Department of Biomedical Informatics, Vanderbilt University Medical Center, Nashville, Tennessee, USA.
Vanderbilt Institute for Clinical and Translational Research, Vanderbilt University Medical Center, Nashville, Tennessee, USA.
J Am Med Inform Assoc. 2023 Apr 19;30(5):907-914. doi: 10.1093/jamia/ocad021.
The All of Us Research Program makes individual-level data available to researchers while protecting the participants' privacy. This article describes the protections embedded in the multistep access process, with a particular focus on how the data was transformed to meet generally accepted re-identification risk levels.
At the time of the study, the resource consisted of 329 084 participants. Systematic amendments were applied to the data to mitigate re-identification risk (eg, generalization of geographic regions, suppression of public events, and randomization of dates). We computed the re-identification risk for each participant using a state-of-the-art adversarial model specifically assuming that it is known that someone is a participant in the program. We confirmed the expected risk is no greater than 0.09, a threshold that is consistent with guidelines from various US state and federal agencies. We further investigated how risk varied as a function of participant demographics.
The results indicated that 95th percentile of the re-identification risk of all the participants is below current thresholds. At the same time, we observed that risk levels were higher for certain race, ethnic, and genders.
While the re-identification risk was sufficiently low, this does not imply that the system is devoid of risk. Rather, All of Us uses a multipronged data protection strategy that includes strong authentication practices, active monitoring of data misuse, and penalization mechanisms for users who violate terms of service.

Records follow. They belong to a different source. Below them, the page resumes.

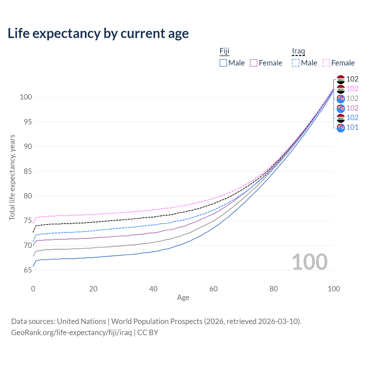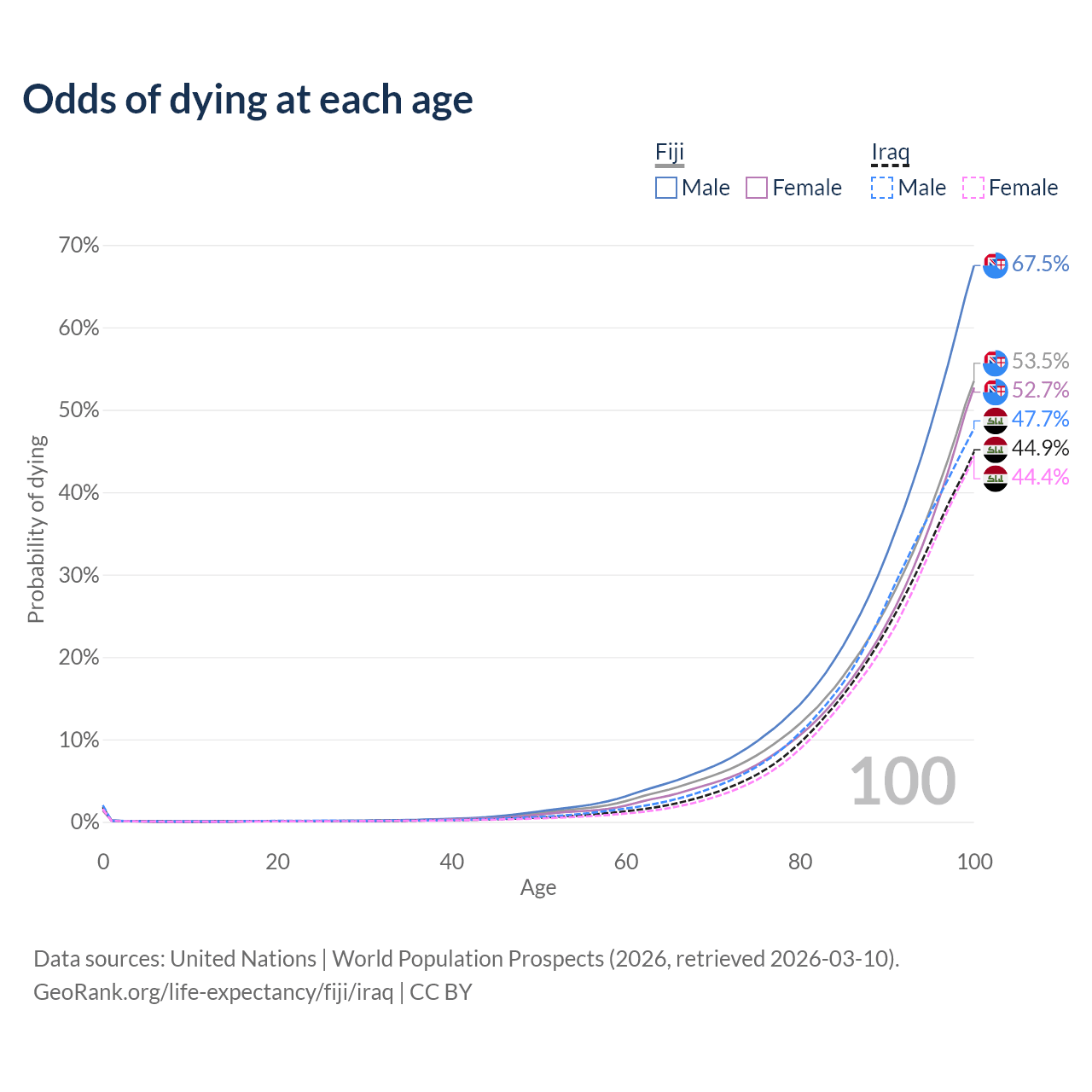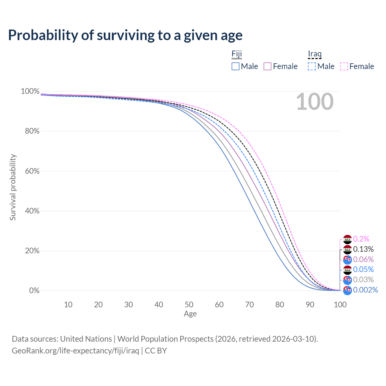This life expectancy calculator shows the odds of living to 100, 95, 90, and below based on current age for both males and females in Fiji and Iraq, along with mean and median age of death. The calculations are based on the 2026 life tables (actuarial tables) from the UN World Population Prospects.
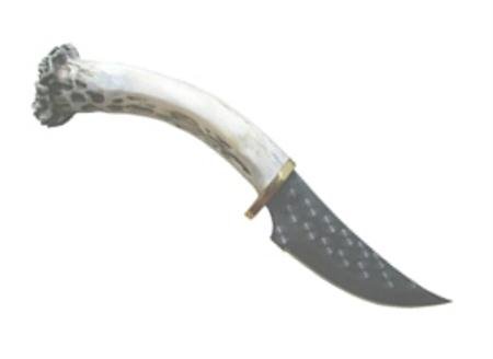 Tool Steel Series1095 Tool Steel is often referred to as "cutlery spring steel". and is well known for its use in manufacturing commercial saw blades. Between the turn of the century through World War II. this High Carbon Tool Steel was commonly used by custom knife makers (and armatures alike). because the steel was easily obtainable. (rail road spikes. car springs. saw blades). Your Grandpa probably had a knife made from 1095 High Carbon Tool Steel. This high carbon tool steel hones to a razor sharp edge (better than any stainless steel). retains its edge (better than most stainless steels). and easier to sharpen. (compared to stainless steel). We heat treat our blades in a salt batch to a 58 Rockwell Hardness. Please note this steel will discolor over time and is susceptible to rust/corrosion. We recommend keeping the blade oiled on a regular basis. but discoloration and/or rust will not affect the blade performance. Every style features deer or elk antler and each knife is accompanied with a handmade laced western style sheath. (The 8" and 10" Bowie sheaths do not have snaps and are considered "Single Action" authentic).Blade 4.5 "
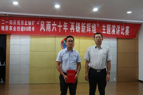 經(jīng)過激烈的角逐和評委的公開打分,行政人事部王輝演講的《讓青春永遠(yuǎn)飛揚(yáng)》,憑借聲情并茂的演繹感動全場,榮獲比賽一等獎。地調(diào)院莊紅紅演講的《追夢尋寶人》、總工辦楊鵬演講的《征程之路-新輝煌》榮獲二等獎;離退辦韓寶明演講的《核地質(zhì)人的奉獻(xiàn)精神》,黨群監(jiān)審部唐苾演講的《最美地質(zhì)勘探隊(duì)員》,李輝演講的《風(fēng)雨六十年 再創(chuàng)新輝煌》榮獲三等獎。公司黨委書記李新平、副總經(jīng)理司金強(qiáng)、紀(jì)委書記工會主席楊乃讓、總工程師王義忠等分別為獲獎選手頒發(fā)榮譽(yù)證書。
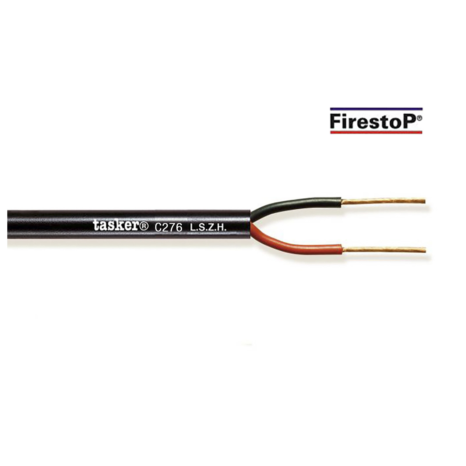 - TASKER L.S.Z.H. speaker cable (low smoke zero halogen), round, 2×2,5mm², black, reel 100m
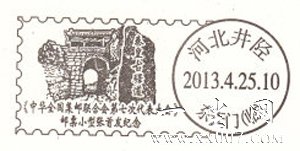 4月25日,中国邮政发行《中华全国集邮联合会第七次代表大会》纪念邮票小型张,小型张背景图案反映的是河北石家庄井陉秦皇古驿道。石家庄市邮票特别于邮票北京原地举行邮票首发式,并刻制了秦皇古驿道风景戳、“东天门”临时连体戳以及两枚首发纪念戳上图。
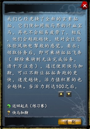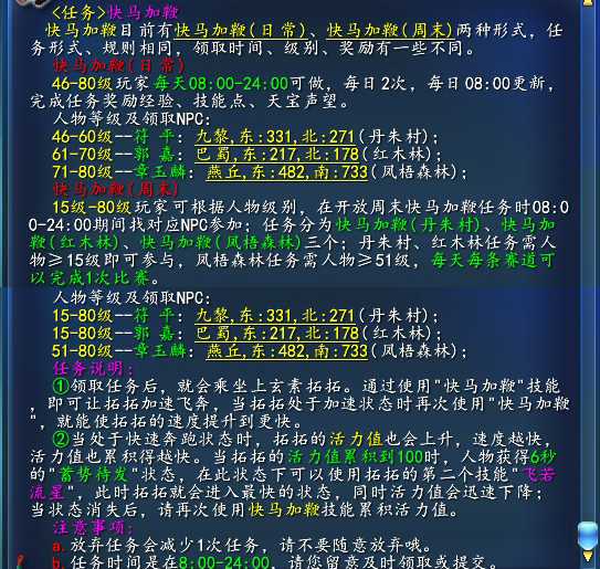 快马加鞭(日常):根据不同等级,到相应地方领取任务。领取该任务最低等级为46级
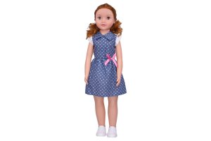 Mäkká látková bábika Anežka s blonďavými vlasmi, ktorá vie rozprávať a spievať v češtine.
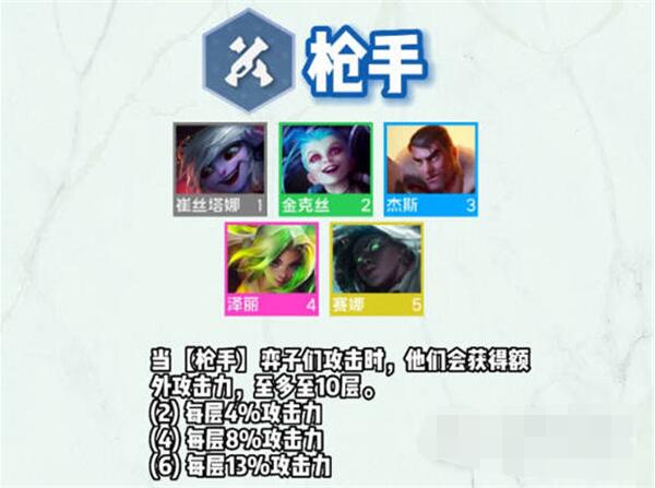 2:然后枪手羁绊的棋子,小炮,金克丝,杰斯,泽丽,赛娜;
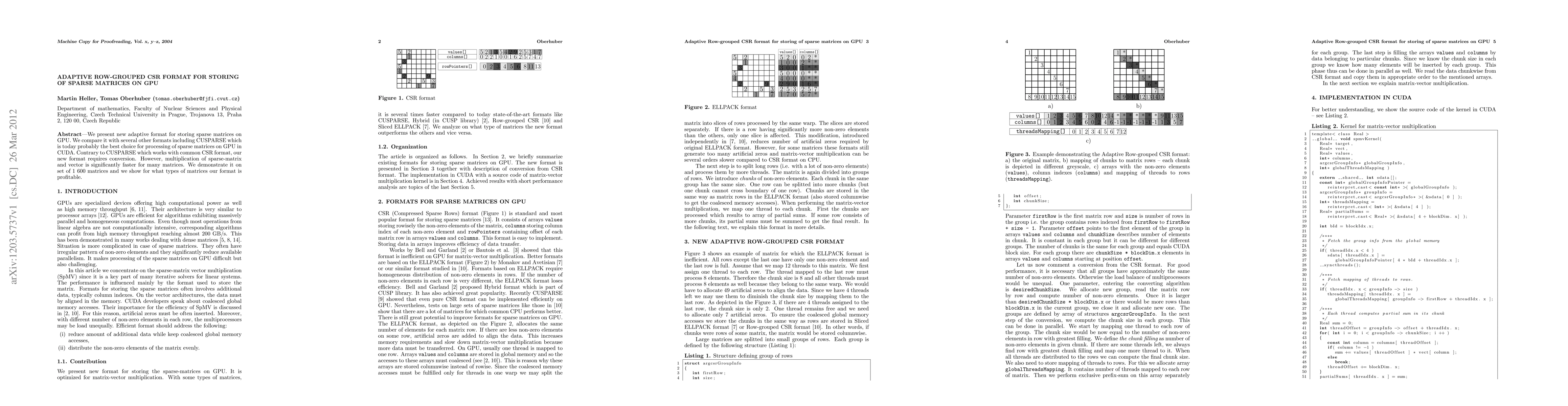 This paper introduces an adaptive row-grouped CSR format for storing sparse matrices on GPUs, demonstrating significant speed improvements in matrix-vector multiplication compared to the CUSPARSE format, particularly for a set of 1,600 matrices. The new format requires conversion but offers notable performance benefits for specific matrix types.
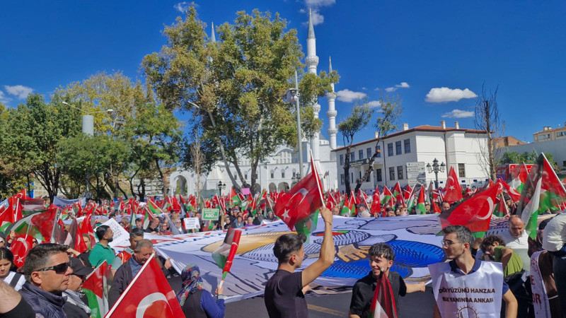 Ankara Filistin Dayanışma Platformu (ANFİDAP) öncülüğünde gerçekleştirilen “Gazze Kararlılık Yürüyüşü”, Melike Hatun Camii önünden başlayarak 15 Temmuz Kızılay Milli İrade Meydanı’nda son buldu.
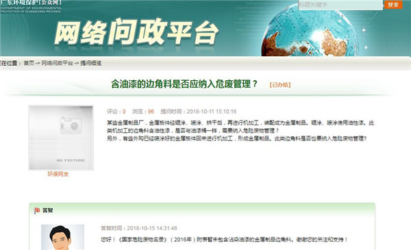 含油漆的邊角料是否應納入?某些金屬制品廠,金屬板件經(jīng)輥涂、噴涂、烘干后,再進行機加工,裝配成為金屬制品。輥涂、噴涂使用油性漆。此類機加工的邊角料含油性漆,是否與油漆桶一樣,需要納入?另外,有些外購已經(jīng)噴涂好的金屬板件回來進行機加工,形成金屬制品。此類邊角料是否也要納入危險廢物管理?答復:您好!《國家...

All of Us 研究计划使研究人员能够获得个体层面的数据,同时保护参与者的隐私。本文描述了嵌入在多步骤访问过程中的保护措施,特别关注如何转换数据以达到公认的重新识别风险水平。
在研究时,该资源包含 329084 名参与者。对数据进行了系统的修正,以降低重新识别风险(例如,地理区域的泛化、公共事件的抑制和日期的随机化)。我们使用一种专门假设已知某人是该计划参与者的最先进对抗模型,为每个参与者计算重新识别风险。我们确认预期风险不超过 0.09,这一阈值与来自美国各个州和联邦机构的指南一致。我们进一步研究了风险如何随参与者人口统计学特征的变化而变化。
结果表明,所有参与者重新识别风险的第 95 百分位数均低于当前阈值。同时,我们观察到某些种族、民族和性别群体的风险水平较高。
虽然重新识别风险足够低,但这并不意味着该系统没有风险。相反,All of Us 使用了一种多管齐下的数据保护策略,包括强大的身份验证实践、对数据滥用的主动监控以及对违反服务条款的用户的惩罚机制。